Monday, February 28, 2011

Pine Cones and Olive Oil

Whoever said there was no such thing as a stupid question needs to come do my job for a day.  Hell, not even a day, just come in on Monday morning and read through my inbox.  Maybe I am slightly jaded...maybe I'm just pissed off that it is Monday... maybe it is Street Fair time again... regardless-I came in today to read a message filled with questions about exceptions to rules, because every vendor has some sort of special circumstance...yes, yes, you are incredibly unique and deserve my undivided attention because you sell jewelry and photography or soap and pottery so OBVIOUSLY the rules that apply to everyone else don't apply to you.  Thousands of artists have applied before you and somehow managed to get that 'please include photographs of all items sold' means we want to see what kind of items you are selling... not that each item you are selling needs to be photographically catalouged with your application.  Give me enough information to make a decision as to whether or not I should accept you, and where I will place you and then SHUT UP!!! You only hurt yourself by disclosing too much information.
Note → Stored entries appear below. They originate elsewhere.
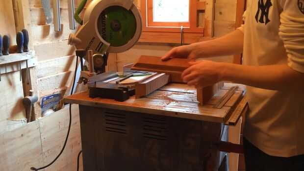 Luego usé mi sierra de inglete para cortar ingletes de 45 grados en los extremos de las 4 piezas. Esto es lo mismo como haría un marco de imagen. Así que cuando se juntan las 4 piezas que cuadrados y no podrá ver ninguna veta.
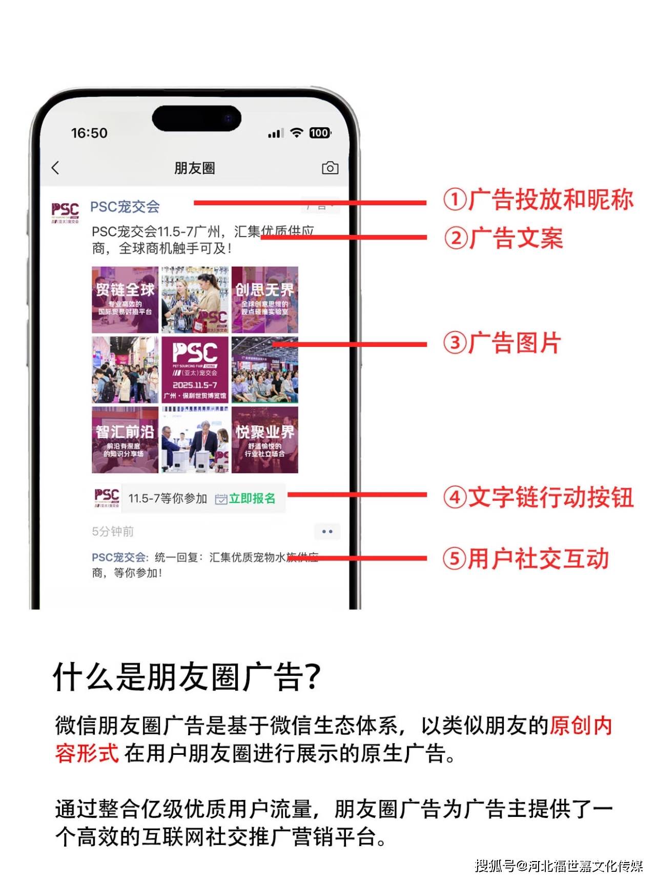 朋友圈广告是嵌入微信朋友圈信息流的官方推广内容,外观与普通朋友圈一致,仅标注 “广告” 字样,原生感强、用户接受度高。
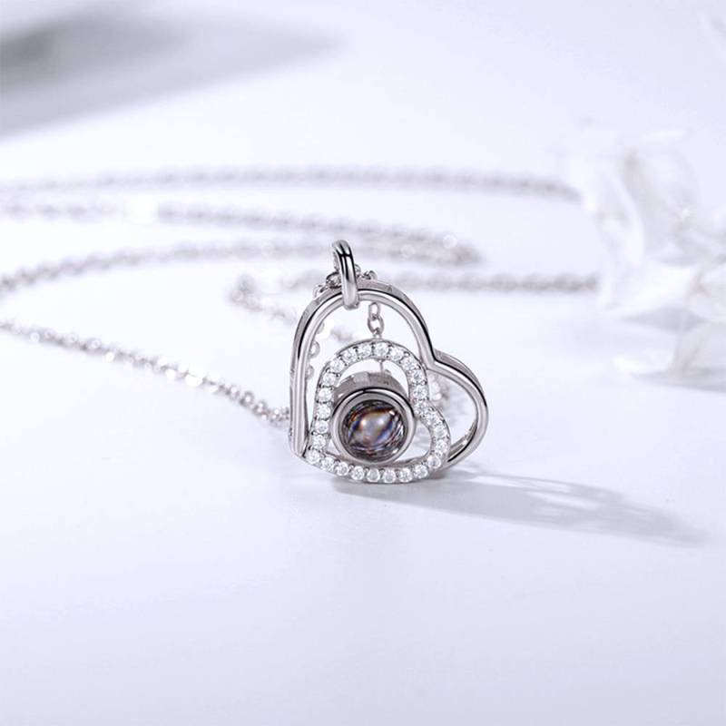 Collana Personalizzata I Love You Con 100 Lingue Collana Con Foto Incisa Con Proiezione, Regalo Perfetto Argento

Obviously these people have never shipped something across country... you know, you go to the post office- the lady behind the counter who hears a special story about how the rules need not apply at the rate of 10 'special cases' an hour asks-'Is there anything liquid or perishable in the package?'
and a formally too honest for your own good me says, 'Why yes, yes there is liquid in there...'
to which the lady responds 'Oh? What is the liquid?'
and I respond full of pride and honesty 'Wine'
Her eyebrows furrow and she exasperates 'WINE?! Oh no no no, you cannot ship wine'
And I walk out of the post office, pissed off at my terminal honesty, get in my car, drive to fed ex and ship the damned wine as olive oil as I should have in the first damned place.

I'm not advocating lying, I have as much disdain for lying as I do stupid questions, all I'm saying is that sometimes, maybe not telling someone everything is better for all parties involved... I don't need to know nor do I give a shit if you have a business partner, I also do not want to sift through 387 photos of your trinkets... just exercise some sort of discretion for crying out loud!  None of us are ever remotely as important as we think we are... so, let's all get out from under the plague of terminal uniqueness that Mr. Rogers gave us and realize that we are more one grain of sand by the ocean than we are snowflakes falling from the sky.  I am not unique, or special or even an individual, I fall into the herd mentality more often than I would like to admit... but, I admit it. Come on people, we can work together, as long as you get that you are not the only fish in the sea, my time is as precious to me as your handmade pine cone and buckeye necklaces are to you.